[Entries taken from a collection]
━━━━━━

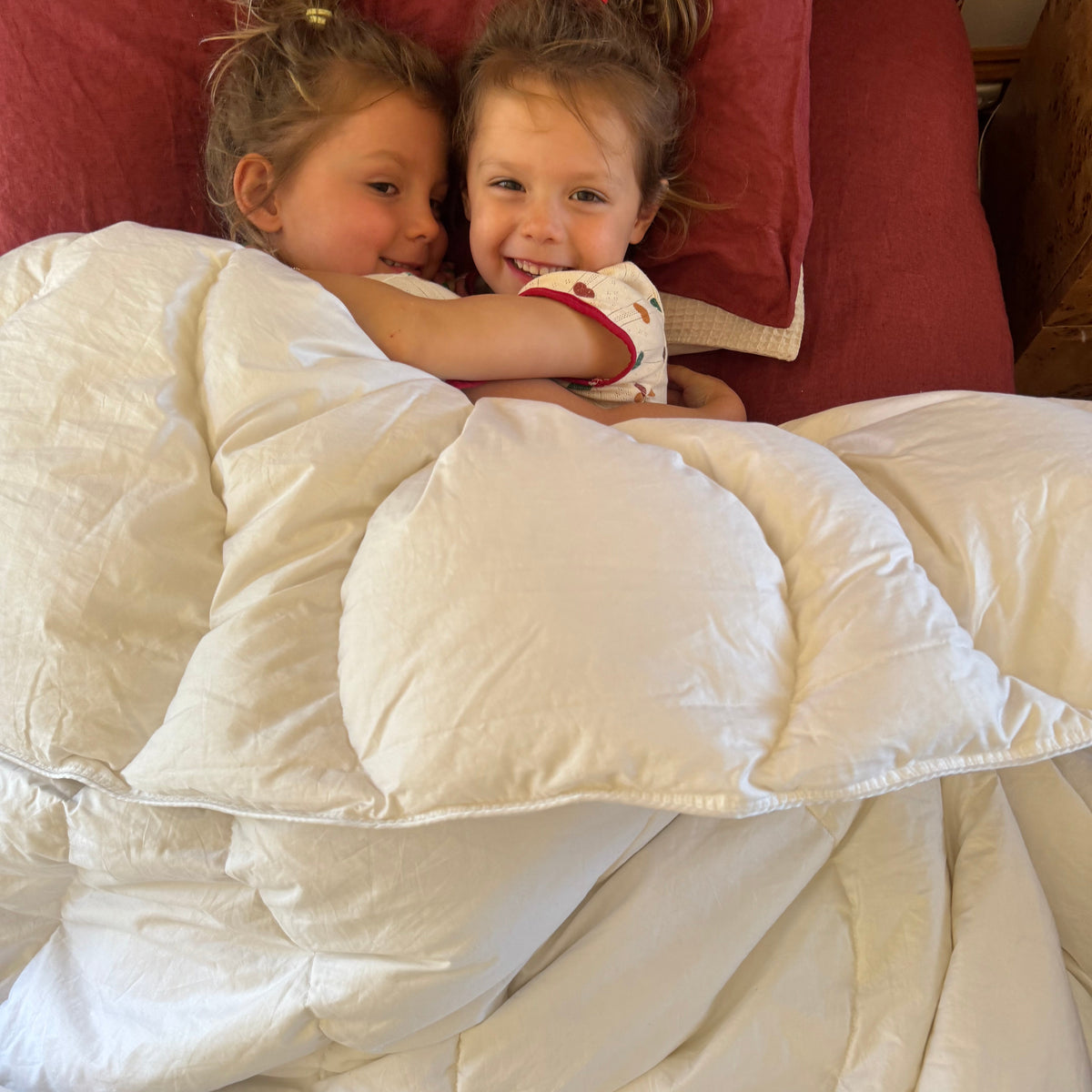 Bonny’s All Rounder is our top pick for all-season comfort. Made with 90% ethically sourced duck down and 10% feather, it’s super breathable, perfectly fluffy and just the right weight for year-round use. The wave stitching keeps the down evenly spread—no clumping—and it’s OEKO-TEX and RDS certified, so you can feel good about what’s on their bed.
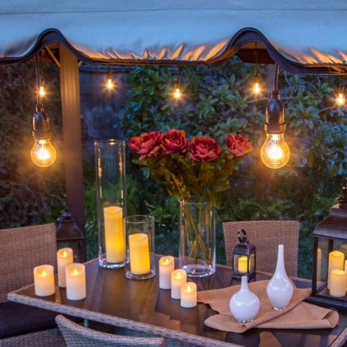 Si, tra le luci per esterno la catenaria di lampadine è di certo la soluzione più pratica ed al tempo stesso di grande effetto.
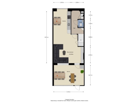 Bij binnenkomst komt u in een ruime en lichte hal met trapopgang, modern toilet met fontein en meterkast. Vanuit de hal bereikt u de woonkamer, die door de grote ramen aan de achterzijde en de openslaande verbinding naar de serre een heerlijk lichte en ruime leefomgeving biedt. De woonkamer is netjes afgewerkt met hoge plinten, een laminaatvloer en warme wandafwerking, waardoor het een gezellige plek is om samen te komen.
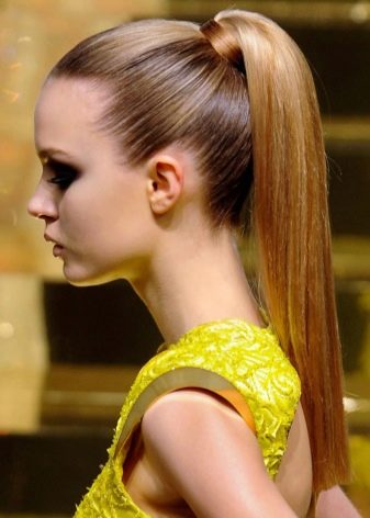 Nyní jsou vlasy shromážděné v ocasu bezpodmínečný trend. Pokud jste mladí, klidně udělejte ocas. Pokud nejste mladí, udělejte to také, ale vyvarujte se souběžné hromady, která zvyšuje věk.
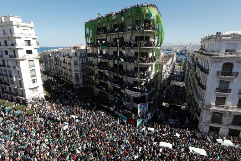 Crowds gather at capital Algiers’ landmark Grand Poste square, demanding the president step down.
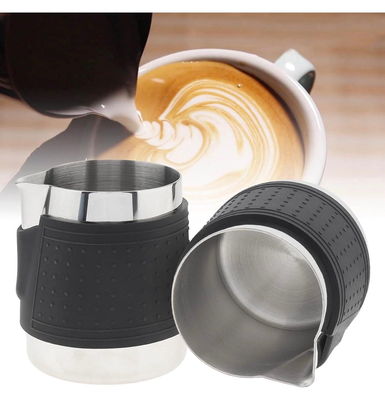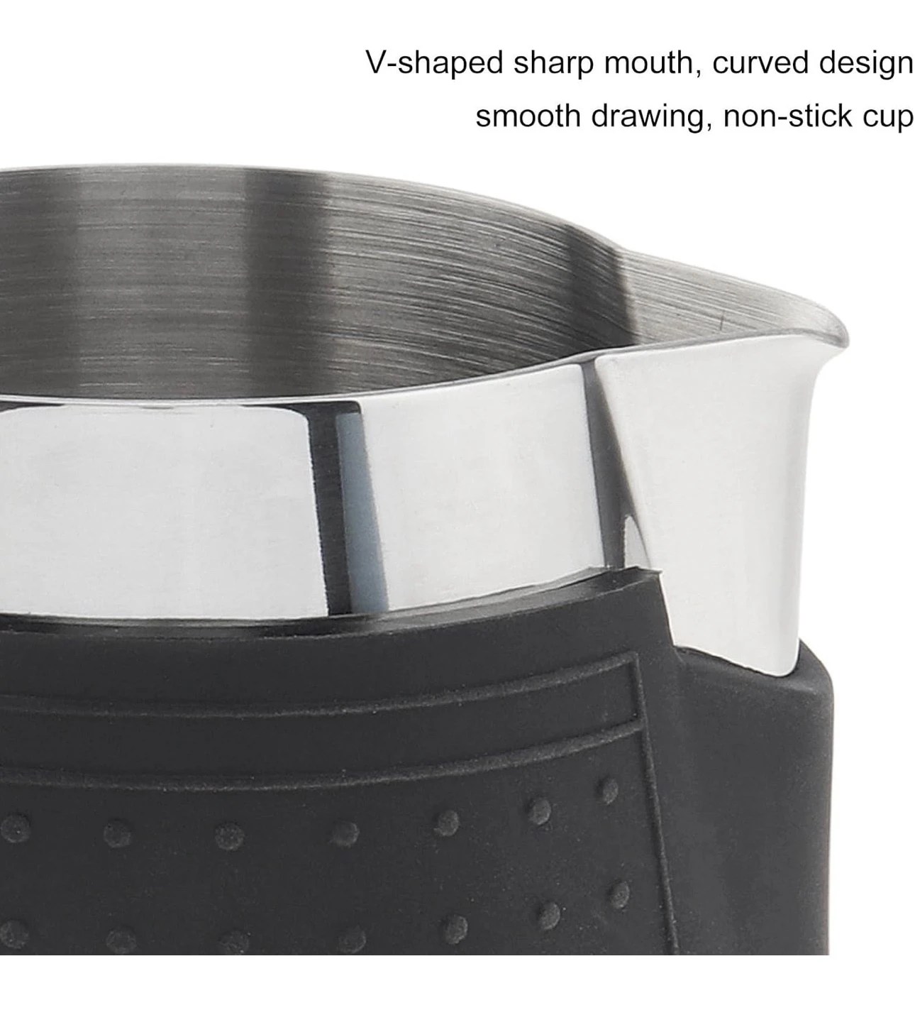 - ♨️ ANITBURN ERGONOMIC SILICONE SLEEVE – Our ergonomical silicone sleeve protects your hand from the heat generated by the hot milk so you can hold your milk frother pitcher with a safe and easy grip, allowing you to pour with maximum precision. Perfect for latte art!
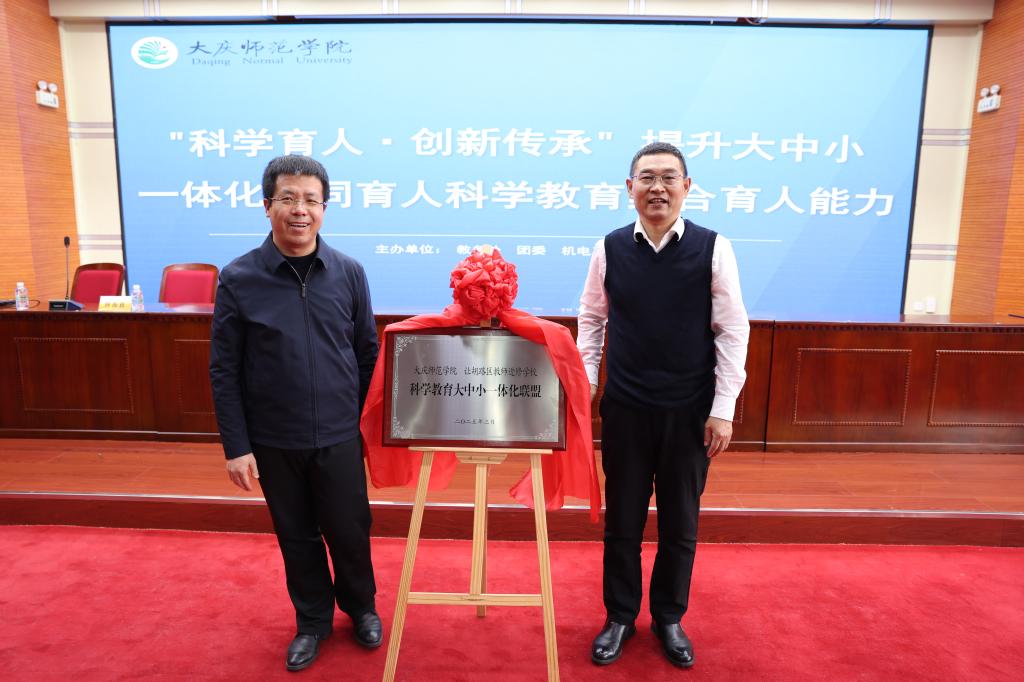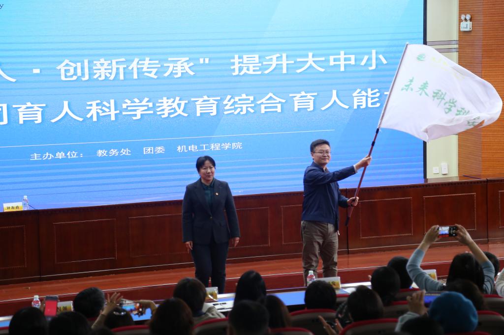 教务处处长张国发致辞,他强调澳门pg成立60年来,始终坚守师范教育第一职责,践行“为党育人、为国育才”初心使命,积极响应国家号召,主动深化教育教学改革,探索高等教育与基础教育深度融合的新路径。随后,教务处处长张国发与让胡路区教师进修学校崔海彬校长共同为科学教育大中小一体化联盟揭牌。校团委书记王贺民为“未来科学科普社团”授旗,社团首任指导教师、澳门pg官方电子平台院长刘永皓上台接旗。揭牌和授旗仪式标志着区域科普协同育人平台正式启动。

━━━━━━

● **Task instructions**:
Go to the line above holding "Crowds gather at", then copy exactly each line down to and including the one holding "- ♨️ ANITBURN", leaving pictures out.

● **Answer space**:
 Crowds gather at capital Algiers’ landmark Grand Poste square, demanding the president step down.
 - ♨️ ANITBURN ERGONOMIC SILICONE SLEEVE – Our ergonomical silicone sleeve protects your hand from the heat generated by the hot milk so you can hold your milk frother pitcher with a safe and easy grip, allowing you to pour with maximum precision. Perfect for latte art!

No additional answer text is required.